__DATASET EXTRACT__
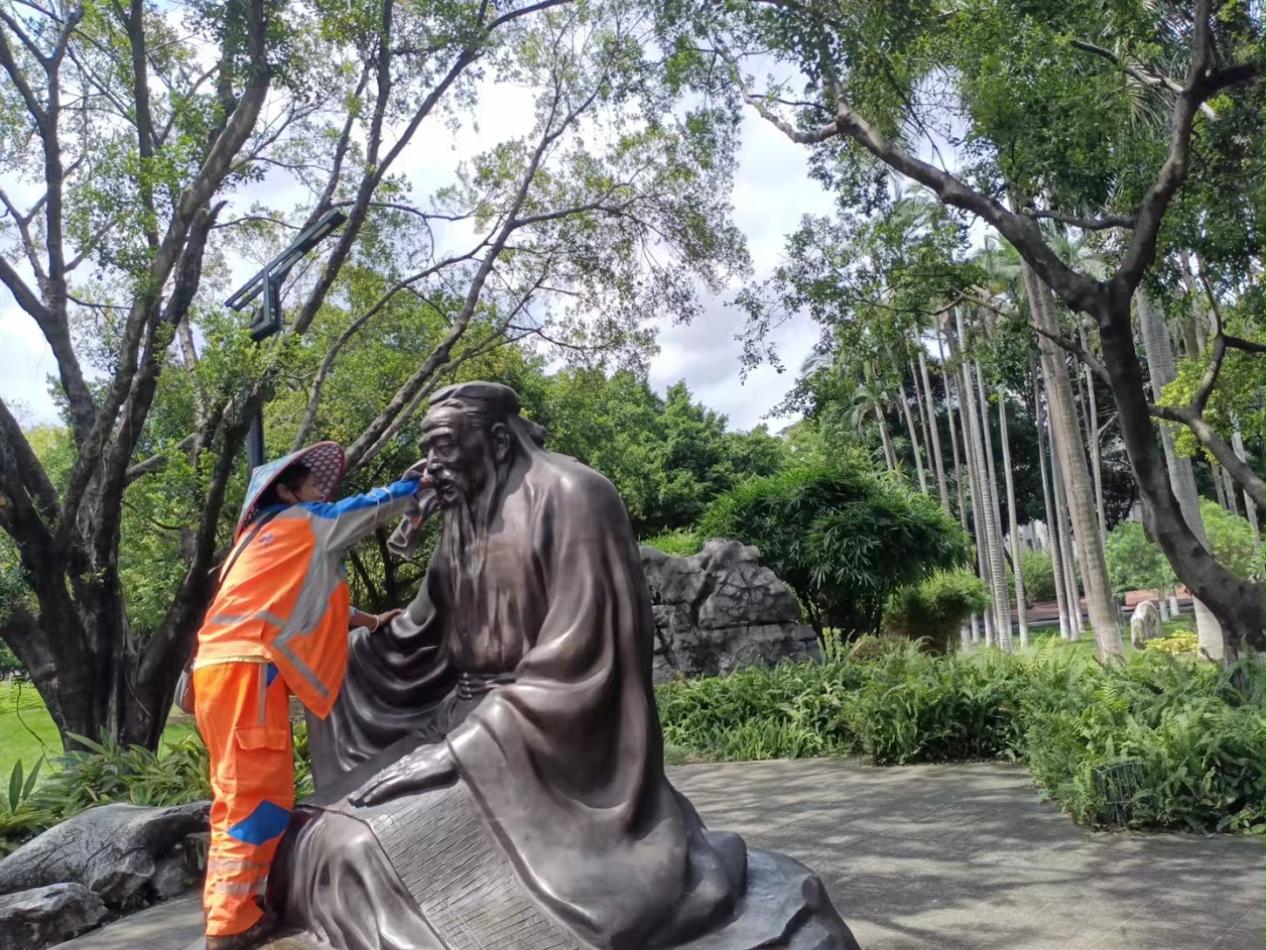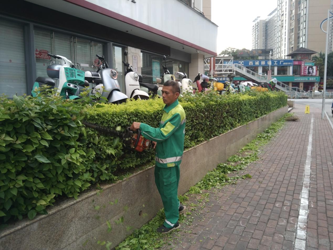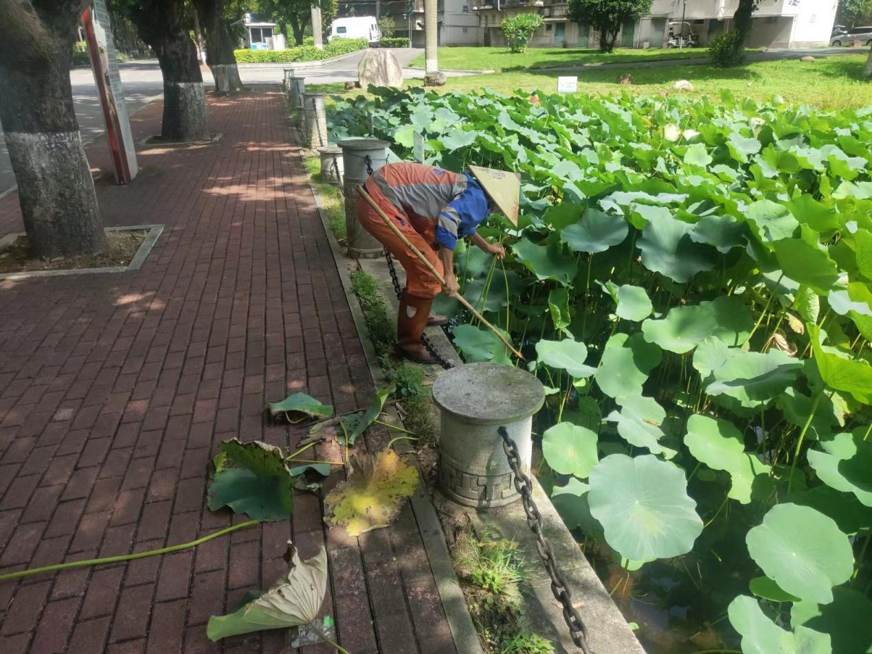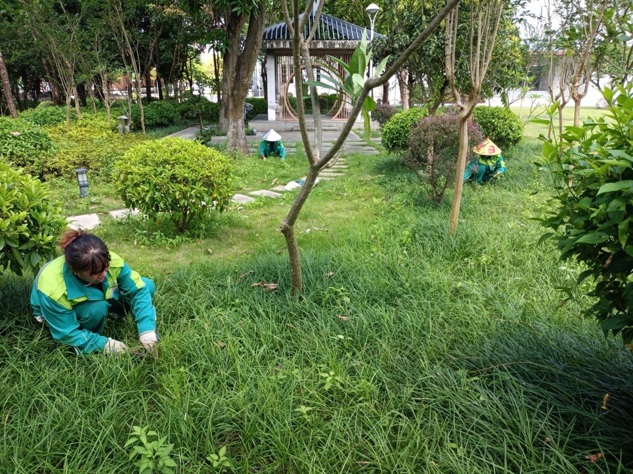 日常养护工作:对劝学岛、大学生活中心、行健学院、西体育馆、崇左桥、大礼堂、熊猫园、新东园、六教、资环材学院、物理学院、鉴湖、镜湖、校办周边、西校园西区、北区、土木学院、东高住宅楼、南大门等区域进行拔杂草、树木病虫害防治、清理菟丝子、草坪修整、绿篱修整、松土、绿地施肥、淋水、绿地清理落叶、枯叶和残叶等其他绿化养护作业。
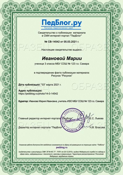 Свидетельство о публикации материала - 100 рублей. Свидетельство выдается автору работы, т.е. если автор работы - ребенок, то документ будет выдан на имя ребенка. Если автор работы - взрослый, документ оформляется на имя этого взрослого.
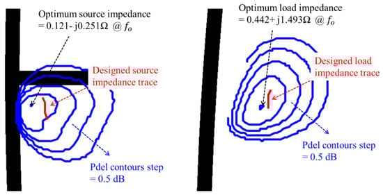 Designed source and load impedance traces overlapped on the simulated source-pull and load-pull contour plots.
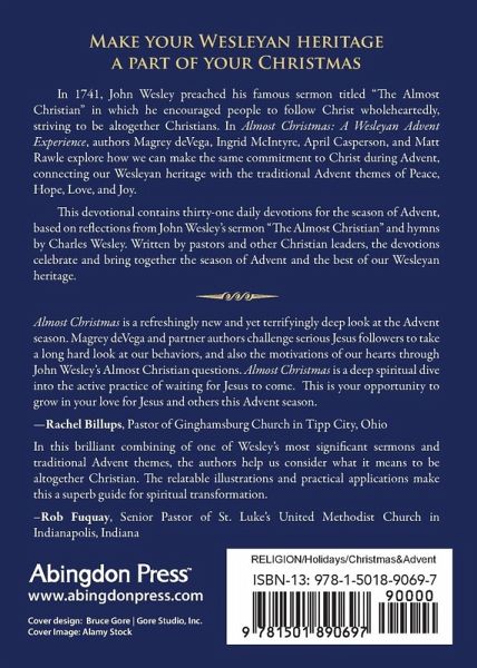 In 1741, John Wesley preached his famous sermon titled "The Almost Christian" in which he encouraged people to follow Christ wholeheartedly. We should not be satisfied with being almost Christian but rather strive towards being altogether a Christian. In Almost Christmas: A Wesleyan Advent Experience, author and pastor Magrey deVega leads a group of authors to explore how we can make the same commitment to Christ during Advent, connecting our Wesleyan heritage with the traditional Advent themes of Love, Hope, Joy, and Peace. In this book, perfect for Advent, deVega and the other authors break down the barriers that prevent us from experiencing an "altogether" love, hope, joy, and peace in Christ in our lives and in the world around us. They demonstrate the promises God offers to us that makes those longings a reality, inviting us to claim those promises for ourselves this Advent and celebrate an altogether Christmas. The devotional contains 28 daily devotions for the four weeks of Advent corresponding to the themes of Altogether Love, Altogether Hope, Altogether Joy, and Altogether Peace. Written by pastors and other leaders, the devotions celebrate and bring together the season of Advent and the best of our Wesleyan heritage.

__GOAL OF THE EXERCISE__
Copy all of the material word for word, and include none of its pictures.

__ANSWER BELOW__
 日常养护工作:对劝学岛、大学生活中心、行健学院、西体育馆、崇左桥、大礼堂、熊猫园、新东园、六教、资环材学院、物理学院、鉴湖、镜湖、校办周边、西校园西区、北区、土木学院、东高住宅楼、南大门等区域进行拔杂草、树木病虫害防治、清理菟丝子、草坪修整、绿篱修整、松土、绿地施肥、淋水、绿地清理落叶、枯叶和残叶等其他绿化养护作业。
 Свидетельство о публикации материала - 100 рублей. Свидетельство выдается автору работы, т.е. если автор работы - ребенок, то документ будет выдан на имя ребенка. Если автор работы - взрослый, документ оформляется на имя этого взрослого.
 Designed source and load impedance traces overlapped on the simulated source-pull and load-pull contour plots.
 In 1741, John Wesley preached his famous sermon titled "The Almost Christian" in which he encouraged people to follow Christ wholeheartedly. We should not be satisfied with being almost Christian but rather strive towards being altogether a Christian. In Almost Christmas: A Wesleyan Advent Experience, author and pastor Magrey deVega leads a group of authors to explore how we can make the same commitment to Christ during Advent, connecting our Wesleyan heritage with the traditional Advent themes of Love, Hope, Joy, and Peace. In this book, perfect for Advent, deVega and the other authors break down the barriers that prevent us from experiencing an "altogether" love, hope, joy, and peace in Christ in our lives and in the world around us. They demonstrate the promises God offers to us that makes those longings a reality, inviting us to claim those promises for ourselves this Advent and celebrate an altogether Christmas. The devotional contains 28 daily devotions for the four weeks of Advent corresponding to the themes of Altogether Love, Altogether Hope, Altogether Joy, and Altogether Peace. Written by pastors and other leaders, the devotions celebrate and bring together the season of Advent and the best of our Wesleyan heritage.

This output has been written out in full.